───── Source material ─────
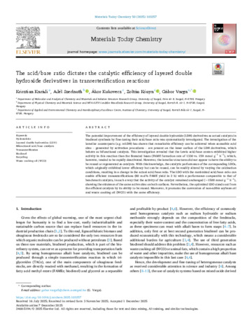 The acid/base ratio dictates the catalytic efficiency of layered double hydroxide derivatives in transesterification reactions.
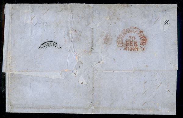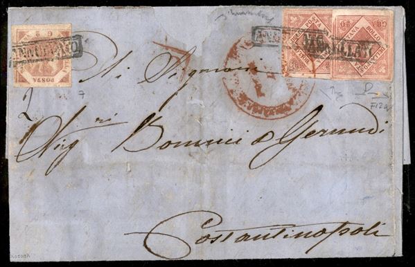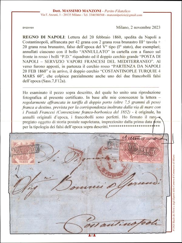 Lettera del 20 febbraio 1860 da Napoli a Costantinopoli affrancata per 42 grana con 2 gr. rosa brunastro III tav. + 20 gr. Falso V tipo (I stato) rosa brunastro (Sass. 7, F12a) PRIMA DATA NOTA di questo raro falso senza ritocco - cert. Manzoni
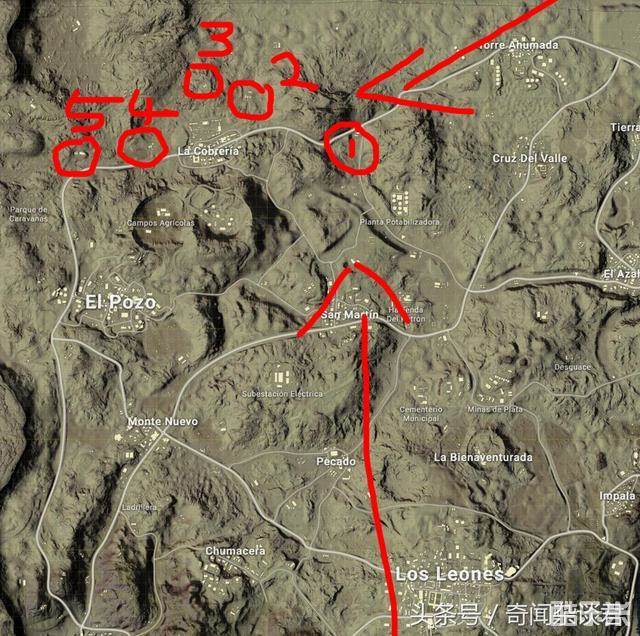 切记所有的打野路线都是围绕着烂尾楼和军火库并且安全的情况下才能在前期稳定的发育,如上图所示这条路线一共可以搜4个烂尾楼一个军火库(全游戏最肥的建筑),当开局飞机可以路过1号点的时候或者可以跳伞飞到一号点附近,在1号点沿线开始寻找车辆然后开车马上离开(不要纠结于一号点附近的野区资源因为时间就是生命啊)快速开车到2号点的烂尾楼搜装备,这时你已经有了一定的战斗力即使碰到敌人也有拼抢的能力了,3号点离2号点非常近开车直接过去搜3号点的烂尾楼快速离开直奔4号点,搜完4号点基本已经开始缩圈了这时候不要慌,第一波毒并不是很伤注意车辆的汽油是否充足。然后去5号点的军火库和烂尾楼,这里重点说5号点,以为到5号点的时候准备基本配齐了(运气好的话三级套不是问题),5号点有两个高级建筑都要搜,就是军火库和烂尾楼迅速搜完给自己打好药进圈,这条打野路线基本可以保证有充足装备和自身安全,唯一的劣势就是如果毒圈较远注意要有取舍不要太贪。
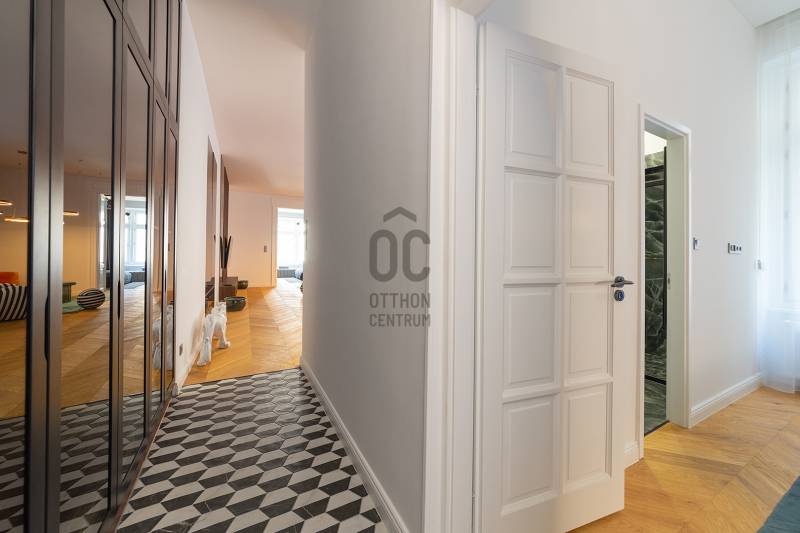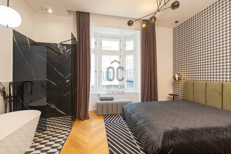 Az INT Interior Design Awards egy rangos, nemzetközi szintű szakmai elismerés, amely a kiemelkedő belsőépítészeti formatervezést, a térkompozíciók harmóniáját és az innovatív megoldásokat díjazza világszerte.A világhírű belsőépítészek díjazott munkái közé, egy magyar belsőépítész is keze munkája is bekerült az alábbi otthonnal.A lakás enteriőrje a modern luxust, a kozmopolita életérzést és az időtálló eleganciát ötvözi.AZ ÉPÜLETRŐLA lakás egy klasszikus, korabeli társasházban található, amely a 20. század közepén épült és ma is őrzi a belvárosi bérházakra jellemző karaktert. Az épület jellegzetes, nagypolgári arányokkal és méretarányokkal bír, így belső tereiben és külső megjelenésében egyaránt érezhető a történeti háttér és a városi elegancia.FŐBB JELLEMZŐK:- 93 m² alapterület, közel 50 m²-es nappali–konyha–étkező térrel- 2 külön nyíló hálószoba és 2 fürdőszoba- Több mint 3 méteres belmagasság- Kandalló, a nappali látványos központi eleme- Teljesen berendezett, azonnal költözhető / kiadható állapot- Belsőépítész által tervezett, egyedi design megoldások- Prémium burkolatok: chevron tölgyparketta, márványhatású nagylapok, exkluzív kerámiák- Egyedi, füstüveg frontos beépített szekrények az előszobában és hálószobákban- Díjnyertes bútorzat és gondosan válogatott designkiegészítők- Saroklakás, déli és keleti tájolással, kiváló természetes fényviszonyokkalA prémium minőségű, egyedi tervezésű bútorzat, designlámpák, burkolatok és kiegészítők összértéke megközelítőleg 24 millió forint, amely a vételár részét képezi. A berendezésben olyan ikonikus darabok is megtalálhatók, mint a Gaetano Pesce által tervezett Up 50 fotel, valamint neves gyártók termékei.A bútorzat és a teljes berendezés összértéke 24 MFT, ami a vételáron felül értendő és KÖTELEZŐEN MEGVÁSÁROLANDÓ.LOKÁCIÓ ÉS KÖZLEKEDÉSBudapest belvárosának szívében, az V. kerületben, díjnyertes belsőépítészeti koncepció alapján kialakított lakás. A környék a belvárosi életstílus minden előnyét kínálja:- prémium éttermek, kávézók, üzletek- kulturális intézmények, galériák- Duna-part, Váci utca és Deák tér néhány perc sétával elérhetőKözlekedés:- Ferenciek tere és Deák Ferenc tér 5–8 perc sétára- M1, M2, M3 metróvonalak gyors elérhetőséggel- Számos busz- és villamosjárat a közelben- Kiváló autós és kerékpáros megközelítésA lokáció ideális mind saját célra, mind befektetésként, rövid- vagy hosszútávú bérbeadásra.MŰSZAKI FELSZERELTSÉG- Teljes körű műszaki felújítás – minden gépészeti és elektromos rendszer, vezeték és csőhálózat új- Műszakilag is teljes mértékig felújított állapot, - Teljesen gépesített, egyedi tervezésű konyha prémium készülékekkel- Bordázott bútorfront, kompaktlemez munkapult, fekete kiegészítők- Magas minőségű klímaberendezés- Beépített riasztórendszer- Több ponton záródó biztonsági bejárati ajtó- Modern elektromos és gépészeti hálózat- Dupla mosdós, lebegő fürdőszobabútor- Füstüveg fallal határolt, nyitott fürdőtér a fő hálószobában- Egyedi világítási koncepció, hangulat- és funkcionális fényekkelA lakás minden részletében az ergonómia, a funkcionalitás és az esztétikum egysége érvényesül. A bútorok, beépített elemek és válaszfalak már a tervezési fázisban a maximális helykihasználás és komfort érdekében kerültek kialakításra.Felmerülő kérdéssel vagy megtekintéssel kapcsolatban, kérem egyeztessünk!Vevő ügyfeleink számára díjmentes, bankfüggetlen hiteltanácsadással biztosítjuk, hogy a számukra legkedvezőbb finanszírozási döntéseket hozhassák meg. Emellett opcionálisan igénybe vehető kiegészítő szolgáltatásaink – például ügyvédi közreműködés, energetikai tanúsítvány vagy villamos biztonsági felülvizsgálat – teljes körű szakmai támogatást nyújtanak az adásvétel minden egyes lépésénél.
─────
● **Exercise requirements**: Return every line of the data above exactly, and omit all pictures.

● **Task response**:
 The acid/base ratio dictates the catalytic efficiency of layered double hydroxide derivatives in transesterification reactions.
 Lettera del 20 febbraio 1860 da Napoli a Costantinopoli affrancata per 42 grana con 2 gr. rosa brunastro III tav. + 20 gr. Falso V tipo (I stato) rosa brunastro (Sass. 7, F12a) PRIMA DATA NOTA di questo raro falso senza ritocco - cert. Manzoni
 切记所有的打野路线都是围绕着烂尾楼和军火库并且安全的情况下才能在前期稳定的发育,如上图所示这条路线一共可以搜4个烂尾楼一个军火库(全游戏最肥的建筑),当开局飞机可以路过1号点的时候或者可以跳伞飞到一号点附近,在1号点沿线开始寻找车辆然后开车马上离开(不要纠结于一号点附近的野区资源因为时间就是生命啊)快速开车到2号点的烂尾楼搜装备,这时你已经有了一定的战斗力即使碰到敌人也有拼抢的能力了,3号点离2号点非常近开车直接过去搜3号点的烂尾楼快速离开直奔4号点,搜完4号点基本已经开始缩圈了这时候不要慌,第一波毒并不是很伤注意车辆的汽油是否充足。然后去5号点的军火库和烂尾楼,这里重点说5号点,以为到5号点的时候准备基本配齐了(运气好的话三级套不是问题),5号点有两个高级建筑都要搜,就是军火库和烂尾楼迅速搜完给自己打好药进圈,这条打野路线基本可以保证有充足装备和自身安全,唯一的劣势就是如果毒圈较远注意要有取舍不要太贪。
 Az INT Interior Design Awards egy rangos, nemzetközi szintű szakmai elismerés, amely a kiemelkedő belsőépítészeti formatervezést, a térkompozíciók harmóniáját és az innovatív megoldásokat díjazza világszerte.A világhírű belsőépítészek díjazott munkái közé, egy magyar belsőépítész is keze munkája is bekerült az alábbi otthonnal.A lakás enteriőrje a modern luxust, a kozmopolita életérzést és az időtálló eleganciát ötvözi.AZ ÉPÜLETRŐLA lakás egy klasszikus, korabeli társasházban található, amely a 20. század közepén épült és ma is őrzi a belvárosi bérházakra jellemző karaktert. Az épület jellegzetes, nagypolgári arányokkal és méretarányokkal bír, így belső tereiben és külső megjelenésében egyaránt érezhető a történeti háttér és a városi elegancia.FŐBB JELLEMZŐK:- 93 m² alapterület, közel 50 m²-es nappali–konyha–étkező térrel- 2 külön nyíló hálószoba és 2 fürdőszoba- Több mint 3 méteres belmagasság- Kandalló, a nappali látványos központi eleme- Teljesen berendezett, azonnal költözhető / kiadható állapot- Belsőépítész által tervezett, egyedi design megoldások- Prémium burkolatok: chevron tölgyparketta, márványhatású nagylapok, exkluzív kerámiák- Egyedi, füstüveg frontos beépített szekrények az előszobában és hálószobákban- Díjnyertes bútorzat és gondosan válogatott designkiegészítők- Saroklakás, déli és keleti tájolással, kiváló természetes fényviszonyokkalA prémium minőségű, egyedi tervezésű bútorzat, designlámpák, burkolatok és kiegészítők összértéke megközelítőleg 24 millió forint, amely a vételár részét képezi. A berendezésben olyan ikonikus darabok is megtalálhatók, mint a Gaetano Pesce által tervezett Up 50 fotel, valamint neves gyártók termékei.A bútorzat és a teljes berendezés összértéke 24 MFT, ami a vételáron felül értendő és KÖTELEZŐEN MEGVÁSÁROLANDÓ.LOKÁCIÓ ÉS KÖZLEKEDÉSBudapest belvárosának szívében, az V. kerületben, díjnyertes belsőépítészeti koncepció alapján kialakított lakás. A környék a belvárosi életstílus minden előnyét kínálja:- prémium éttermek, kávézók, üzletek- kulturális intézmények, galériák- Duna-part, Váci utca és Deák tér néhány perc sétával elérhetőKözlekedés:- Ferenciek tere és Deák Ferenc tér 5–8 perc sétára- M1, M2, M3 metróvonalak gyors elérhetőséggel- Számos busz- és villamosjárat a közelben- Kiváló autós és kerékpáros megközelítésA lokáció ideális mind saját célra, mind befektetésként, rövid- vagy hosszútávú bérbeadásra.MŰSZAKI FELSZERELTSÉG- Teljes körű műszaki felújítás – minden gépészeti és elektromos rendszer, vezeték és csőhálózat új- Műszakilag is teljes mértékig felújított állapot, - Teljesen gépesített, egyedi tervezésű konyha prémium készülékekkel- Bordázott bútorfront, kompaktlemez munkapult, fekete kiegészítők- Magas minőségű klímaberendezés- Beépített riasztórendszer- Több ponton záródó biztonsági bejárati ajtó- Modern elektromos és gépészeti hálózat- Dupla mosdós, lebegő fürdőszobabútor- Füstüveg fallal határolt, nyitott fürdőtér a fő hálószobában- Egyedi világítási koncepció, hangulat- és funkcionális fényekkelA lakás minden részletében az ergonómia, a funkcionalitás és az esztétikum egysége érvényesül. A bútorok, beépített elemek és válaszfalak már a tervezési fázisban a maximális helykihasználás és komfort érdekében kerültek kialakításra.Felmerülő kérdéssel vagy megtekintéssel kapcsolatban, kérem egyeztessünk!Vevő ügyfeleink számára díjmentes, bankfüggetlen hiteltanácsadással biztosítjuk, hogy a számukra legkedvezőbb finanszírozási döntéseket hozhassák meg. Emellett opcionálisan igénybe vehető kiegészítő szolgáltatásaink – például ügyvédi közreműködés, energetikai tanúsítvány vagy villamos biztonsági felülvizsgálat – teljes körű szakmai támogatást nyújtanak az adásvétel minden egyes lépésénél.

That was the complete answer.